BEGIN GIVEN DATA
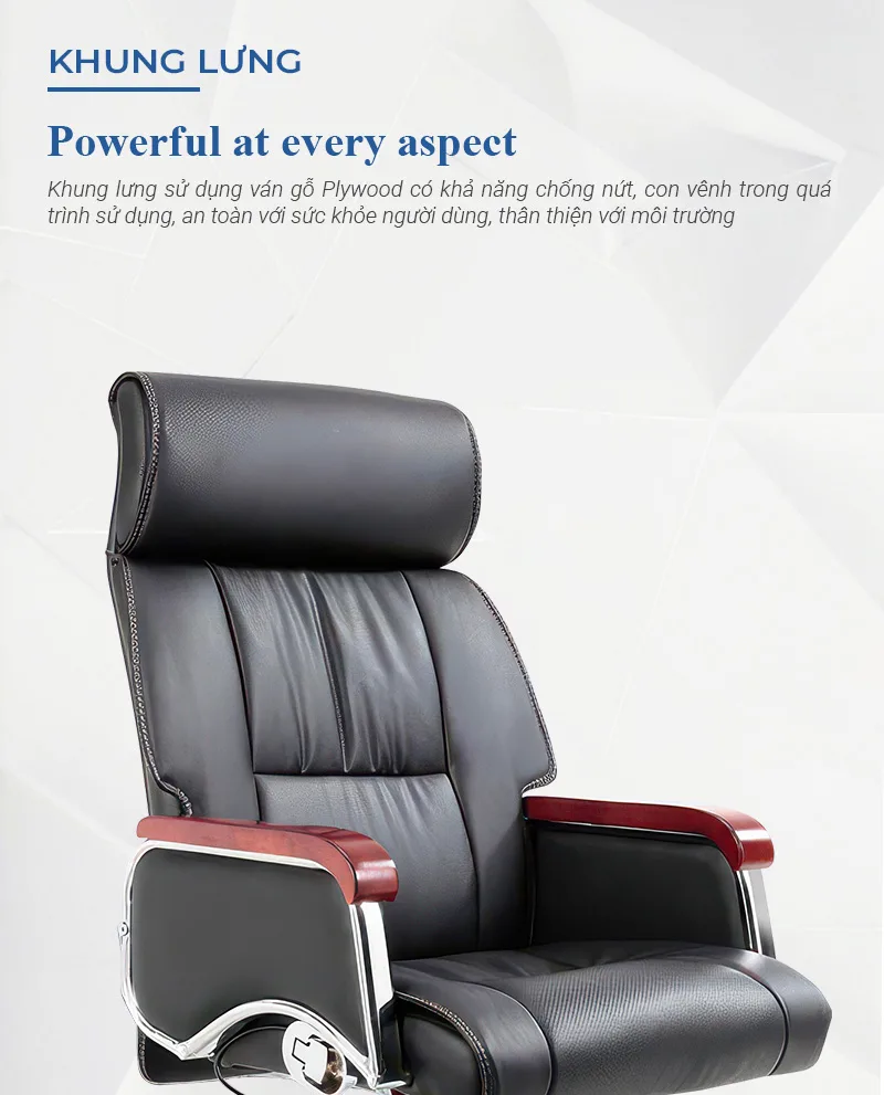 | Chân ghế | Chân ghế hợp kim nhôm đúc nguyên khối, thiết kế độc quyền, không han gỉ suốt quá trình sử dụng, chịu tải trọng lên đến 1136kg |
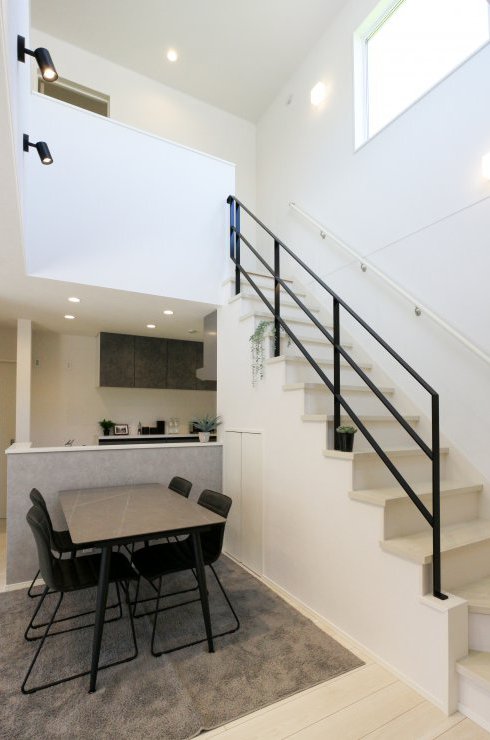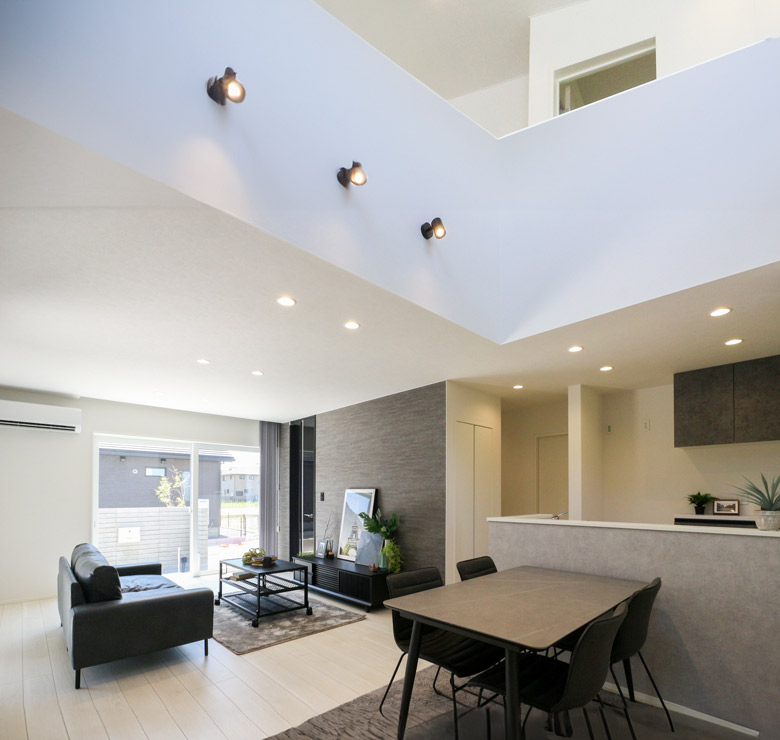 ダイニング上部を吹き抜けにすることで縦の空間が広がり、開放的な空間を演出しています。 -
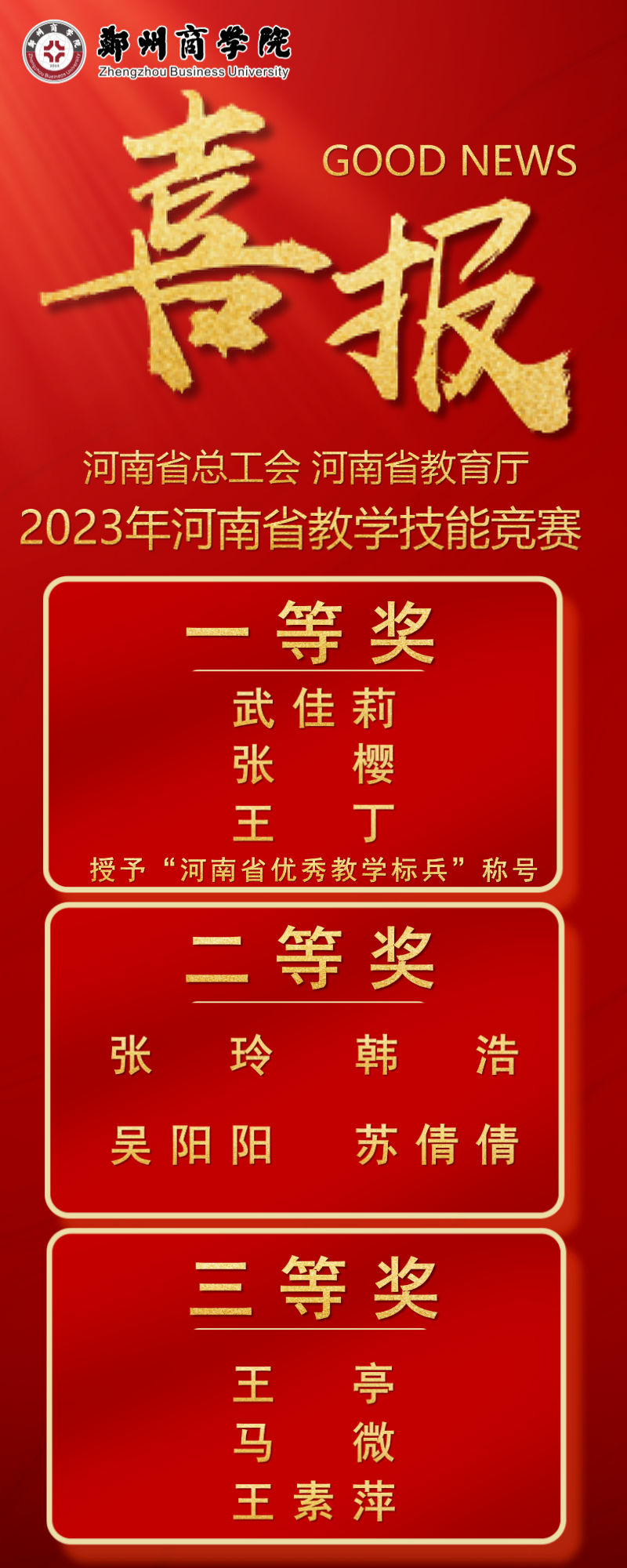 此次竞赛中,武佳莉老师获得全省高校经管科一等奖并被授予“河南省教学标兵”荣誉称号;张樱老师获得全省高校文科一等奖并被授予“河南省教学标兵”荣誉称号;王丁老师获得全省高校思政一等奖并被授予“河南省教学标兵”荣誉称号;张玲、吴阳阳两位老师获得全省高校经管科二等奖;韩浩老师获得全省高校文科二等奖;苏倩倩老师获得全省高校理科二等奖;王亭老师获得全省高校经管科三等奖;马微老师获得全省高校文科三等奖;王素萍老师获得全省高校工科三等奖。
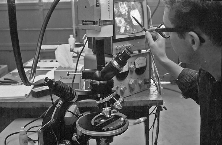 Photo caption: USGS astrogeologist Jerry Schaber examines rock slices in this photo of the lab from July 7, 1965.
END GIVEN DATA
**PROBLEM DESCRIPTION:**
Restate word for word the lines from the one with "ダイニング上部を吹き抜けにす" to the end of the material, both included. Do not include the pictures.

**TASK ANSWER:**
 ダイニング上部を吹き抜けにすることで縦の空間が広がり、開放的な空間を演出しています。 -
 此次竞赛中,武佳莉老师获得全省高校经管科一等奖并被授予“河南省教学标兵”荣誉称号;张樱老师获得全省高校文科一等奖并被授予“河南省教学标兵”荣誉称号;王丁老师获得全省高校思政一等奖并被授予“河南省教学标兵”荣誉称号;张玲、吴阳阳两位老师获得全省高校经管科二等奖;韩浩老师获得全省高校文科二等奖;苏倩倩老师获得全省高校理科二等奖;王亭老师获得全省高校经管科三等奖;马微老师获得全省高校文科三等奖;王素萍老师获得全省高校工科三等奖。
 Photo caption: USGS astrogeologist Jerry Schaber examines rock slices in this photo of the lab from July 7, 1965.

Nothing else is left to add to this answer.